Driven to ‘near extinction’ by Chinese influence ops

     

Xiao Qiang/CDT

In 2000, Watson Meng started something unique – a Chinese-language news website that relied on citizen journalism from inside China for its reporting. Named Boxun.com, much of its coverage focused on human rights, corruption and dissent within the country, Steven Yoder writes in Driven to ‘near extinction’: Beijing’s high-pressure campaign against the foreign Chinese-language press, an article for Coda Story.

“Boxun is well known to be open. We receive many anonymous contributions and publish many [Chinese citizen] complaints and opinions,” says Meng, who started providing hosting services for Chinese human rights NGOs through China Free Press with support from the National Endowment for Democracy (NED).

But Beijing has targeted another NED partner, says Xiao Qiang, founder and editor-in-chief of the independent Chinese and English-language news website China Digital Times:

In 2017 the University of Toronto-based Citizen Lab documented a sophisticated phishing and malware campaign that targeted China Digital Times.
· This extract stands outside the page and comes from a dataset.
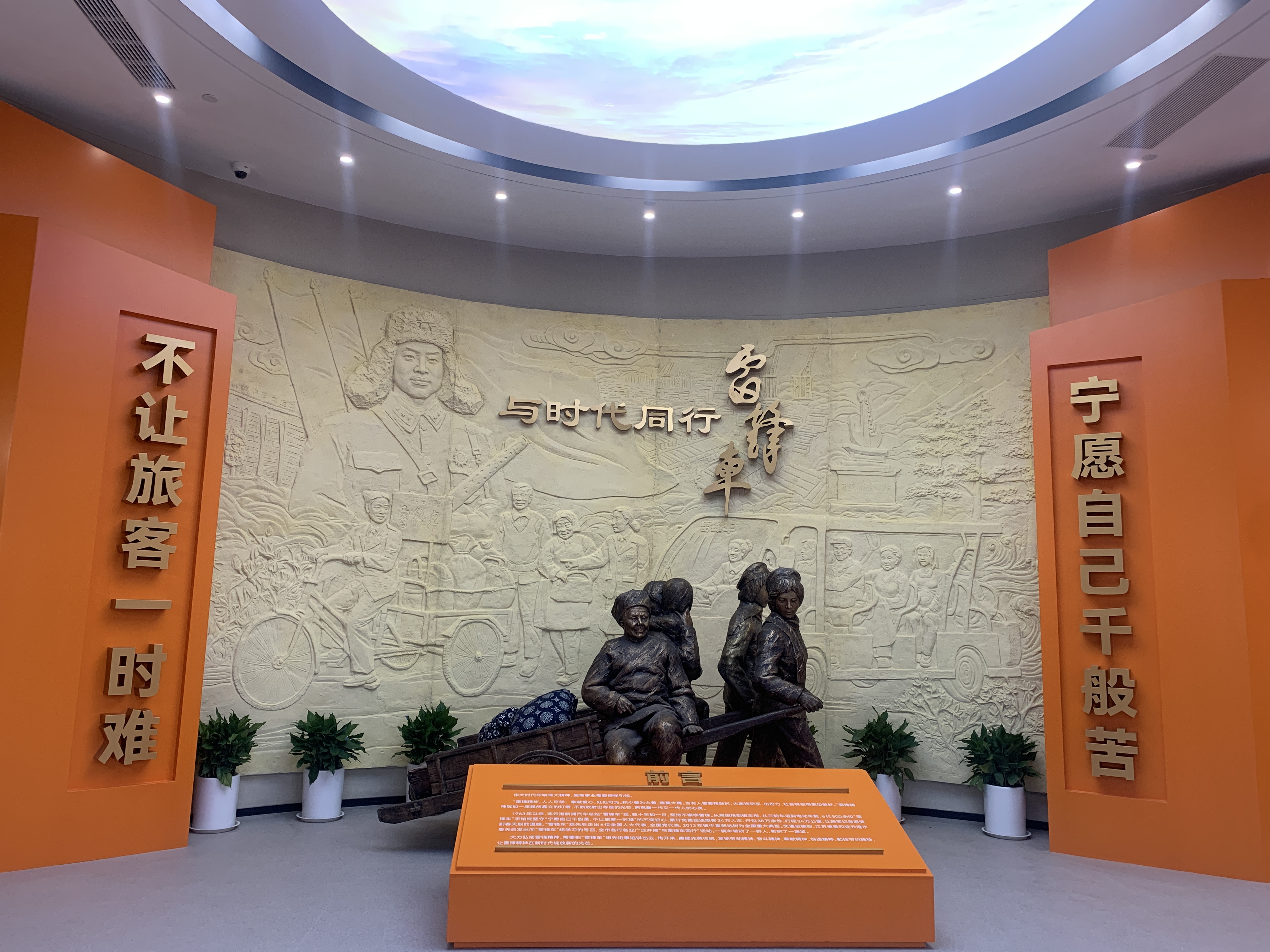 “雷鋒車”事跡陳列館位于江蘇省連云港市新浦汽車總站客運(yùn)站二層,面積由原來(lái)的300平米增至614平米,展覽線路長(zhǎng)度約230米。整個(gè)展館分為四個(gè)部分:在學(xué)雷鋒大潮中誕生、在改革開放中發(fā)展、在新時(shí)代中奮進(jìn)、在傳承弘揚(yáng)中廣大。根據(jù)時(shí)代變遷中“雷鋒車”組的成長(zhǎng)脈絡(luò)和感人故事,通過(guò)標(biāo)志性圖片、數(shù)據(jù)圖標(biāo)、音像視頻、實(shí)物文物和場(chǎng)景造型附以說(shuō)明文字等多種方式,全方位立體展示“雷鋒車”組60年間全心全意為人民服務(wù)的先進(jìn)事跡,讓參觀者擁有更加直觀的觀展體驗(yàn)。
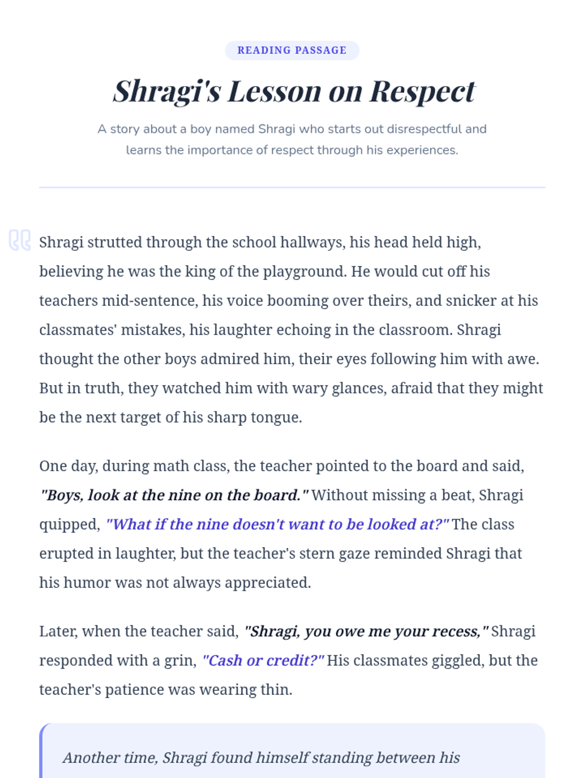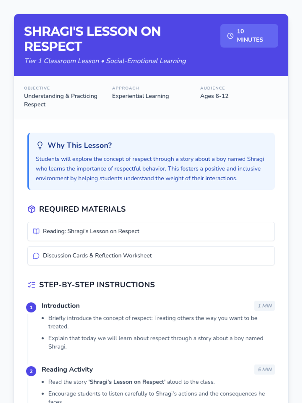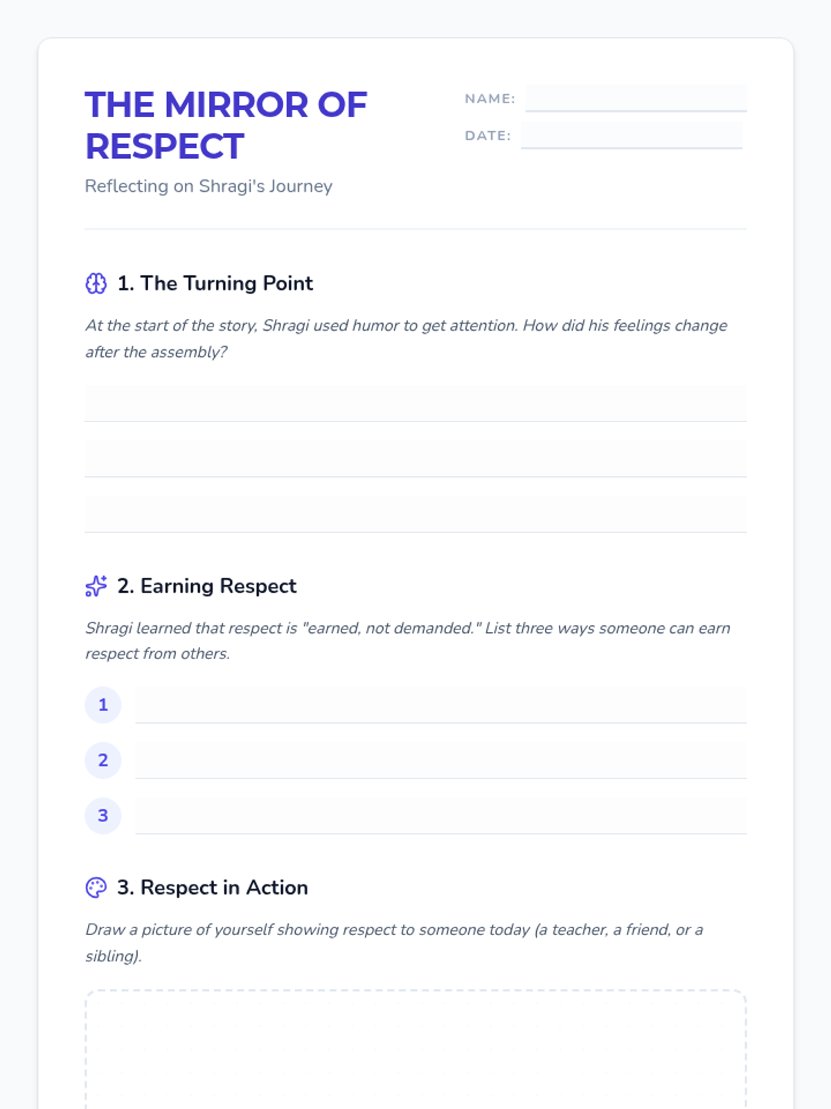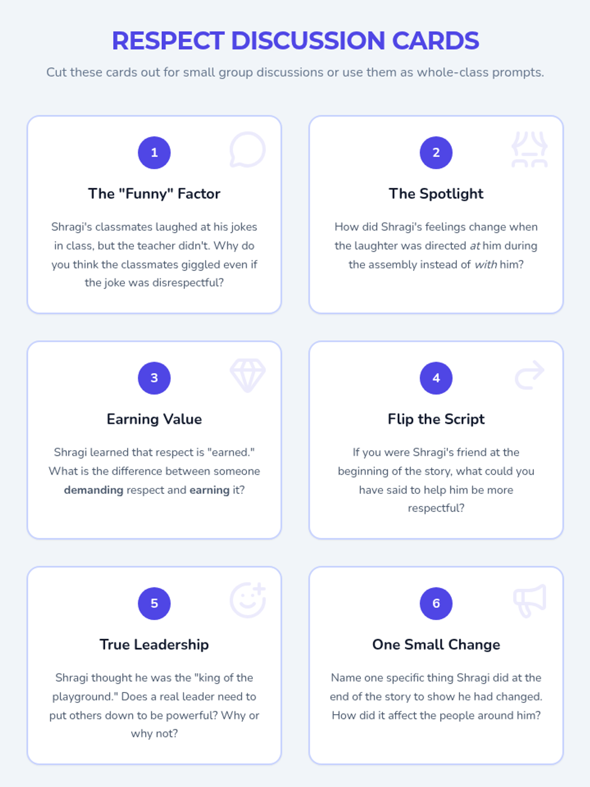 A 10-minute experiential lesson exploring respect through the story of Shragi, a boy who learns the weight of his words and actions. Students listen to a story, discuss consequences, and reflect on how to earn and give respect.

It noted that “the infrastructure used in this campaign reveals connections to previous malware operations targeting Tibetan journalists and the Thai government” – targets that match Chinese government interests. 

“A technical attack [like that one] is one thing,” says Qiang. “But if there’s a threat – threatening people [those from independent media] not to be able to return to China, many people can’t pay that kind of price.” He says it’s not a fair fight – the Chinese government has “infinite resources to pretty much control most of the Chinese media.”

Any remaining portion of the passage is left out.